Presently, the integrated ionization cross section is considered within the framework of the distorted wave theory. Distorted wave theory performs well over a wide range of individual particle momenta, and is an intuitive approach. In the present implementation of this method the distortion potential in the final channel represents a sum of Coulomb interactions between the nucleus and both the scattered positron and the ejected electron. The strength of these interactions is given by effective charges that vary with the energies of the two free particles. Two different sets of effective charges are used. The two models effectively exclude positronium formation as do the experimental measurements. The initial channel distortion potential is defined by a sum of the static and the polarization potentials of the target atom. The theory may be readily extended to other atoms in the alkali family.

    Special techniques for dealing with the long-range Coulomb forces are applied. These include an asymptotic correction to the projectile radial integral (to complete the integration from a finite maximum value through to infinity), and the Born subtraction technique (where we calculate the difference between the distorted wave cross section and a well established first approximation). With these techniques we can reduce computational effort while obtaining accurate cross sections.

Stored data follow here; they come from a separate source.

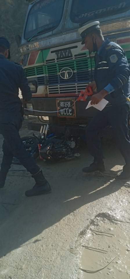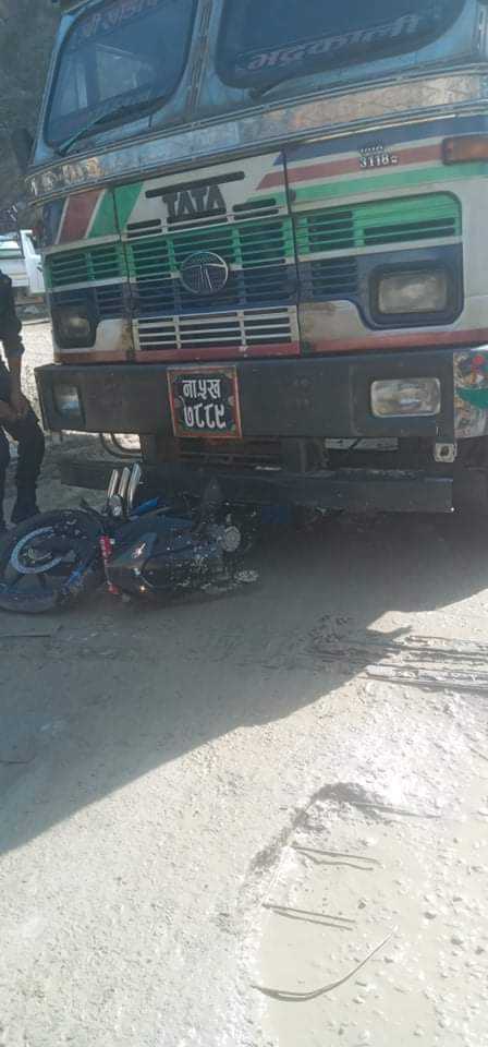 साकार पोष्ट मंसिर २८ गल्छी। सोमबार गल्छी देबिघाट त्रिशुली सडक खण्डको गल्छीगाँउपालिका वडा नं ८ मा कोल्पुखोलाको पुल नजिक ना.५ ख ७८८९ नम्बरको ट्रकले बागमती प्रदेश ०२–०२२ प ४१५१ नम्बरको मोटरसाइकललाई ठक्कर दिँदा मोटरसाइकलमा सवार गोरखा नगरपालिका–५ बस्ने ४६ वर्षीय दुर्गा बहादुर थापाको उपचारको लागि काठमाडौं लगिदै गर्दा मृत्यु भएको छ अर्को एक जना घाइतेको उपचार भइरहेको प्रहरीले जनाएको छ ।
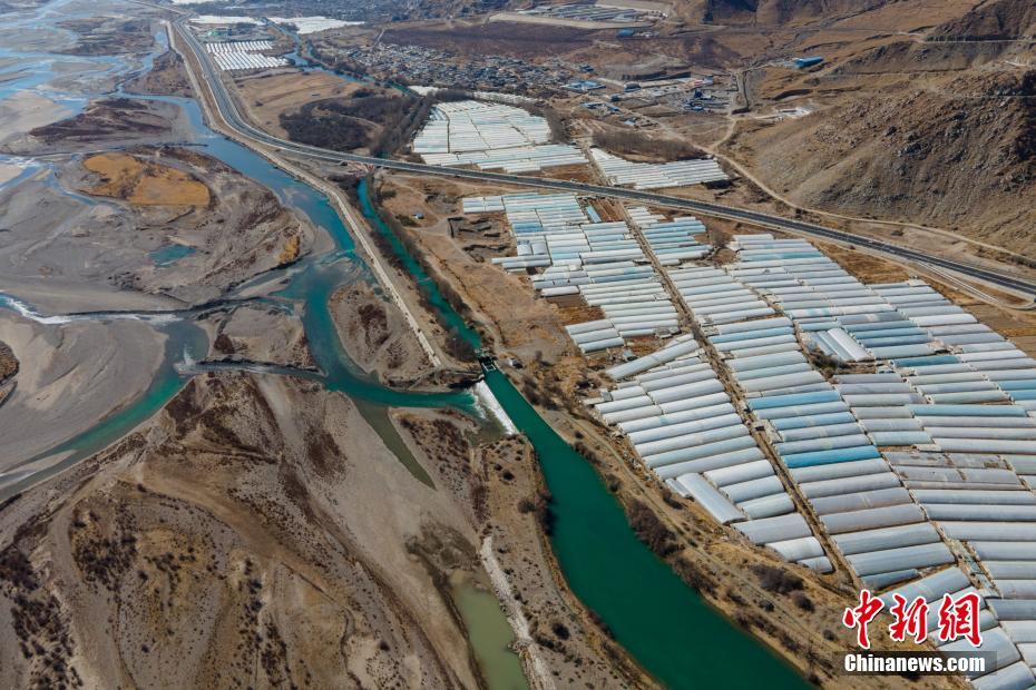 2月26日,航拍西藏拉薩河畔的蔬菜大棚,這些大棚冬季主要種植白菜、蘿卜及大蔥等蔬菜。據(jù)悉,目前西藏蔬菜種植面積已達38.75萬畝,年產(chǎn)量達77.19萬噸,夏秋兩季主要城鎮(zhèn)蔬菜自給率達八成以上,冬春自給率六成左右。西藏自治區(qū)農(nóng)業(yè)農(nóng)村廳介紹,近年來,隨著蔬菜大棚種植面積逐步擴大,加上從區(qū)外調運,西藏民眾餐桌日益豐富。中新社記者 江飛波 攝
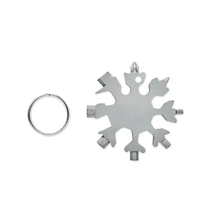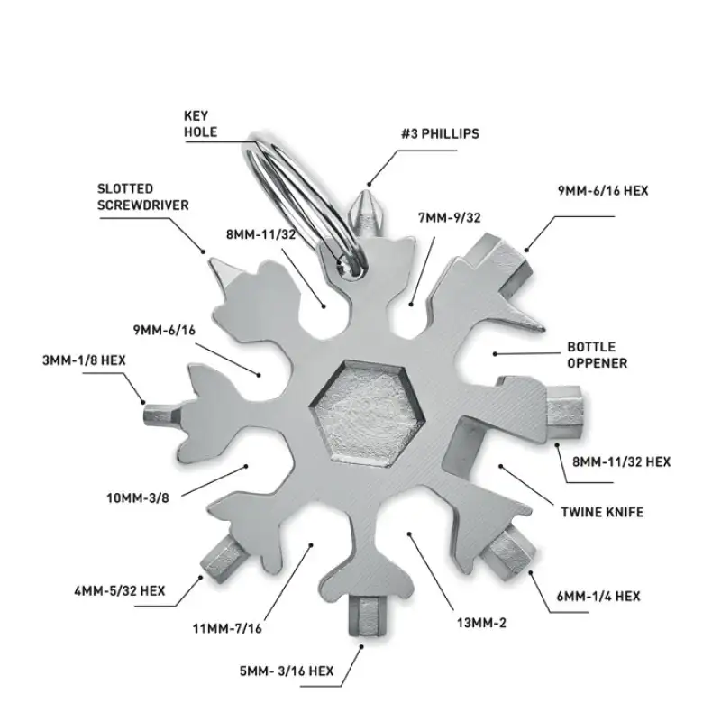 „Снежинка 17“ е компактен и издръжлив мултифункционален инструмент от неръждаема стомана, който съчетава 17 различни функции в елегантна форма на снежинка. Практичен и удобен за носене, той е идеален за „Направи си сам“ проекти, любители майстори и ежедневни ситуации. Включеният метален пръстен позволява лесно прикрепяне към колан с инструменти, ключодържател или раница, така че винаги да е под ръка.
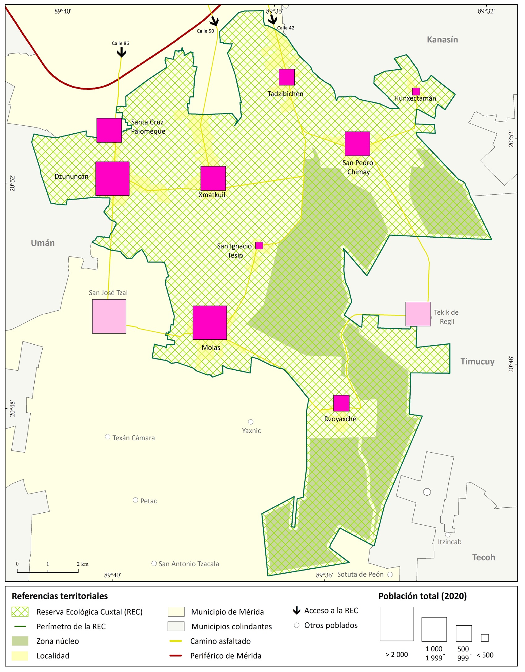 La Reserva Ecológica Cuxtal (REC) es un área natural protegida con una superficie de 10 mil 757 hectáreas, fue decretada el 14 de julio de 1993 bajo la categoría “sujeta a conservación ecológica”, dentro del municipio de Mérida. La REC limita al Norte con la ciudad de Mérida, al Este con los municipios de Kanasin y Timucuy; al Sur con las comisarías Yaxnic y Texán Cámara y al Oeste con el municipio de Umán (figura 1). A su vez, destaca que diez colonias de la ciudad de Mérida se ubican dentro de su polígono y nueve son las comisarías que comprenden su territorio, entre las que se encuentran Xmatkuil, Tahdzibinchén, San Pedro Chimay, Hunxectamán, San Ignacio Tesip, Dzoyaxché, Molas, Dzununcán y Santa Cruz Palomeque (García-Gil et al., 2020).
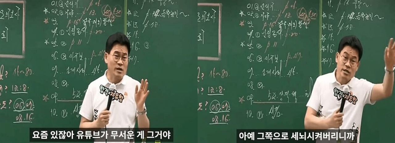 ▲과거 강의 영상에서 유튜브가 사람들을 세뇌시켜 무섭다고 발언한 전한길 ⓒ 유튜브 갈무리관련사진보기
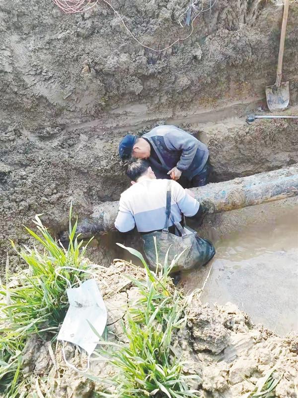 本报讯 (记者 高洪驰 通讯员 王子磊 文/图) “哎!你看,那麦田地里怎么都是水啊?快给水厂打电话,估计是水管爆了!”2月1日,沈丘县刘庄店镇水厂自来水主管网意外爆裂,该县水利局接报后,第一时间组织人员抢修,确保群众春节用水。

    The two effective charge models result in good agreement with the early experimental data of the University of Bielefeld group and with their later data taken at Brookhaven National Laboratory. Both models produce cross sections of similar size, suggesting some insensitivity to the choice of effective charges. On the other hand the results do not agree well with the data of the University College London group, which are closer to the values predicted by more rudimentary theoretical calculations. This indicates a need for more accurate theoretical calculations of this problem as well as further experimental measurements. 

    The integrated cross section is our primary interest. Upon further examination of the models in differential cross section calculations we found good agreement with the results of others. Extension of the expressions obtained here for hydrogen allow calculations for the lithium target. The results predict a larger positron impact ionization cross section than the previous estimates.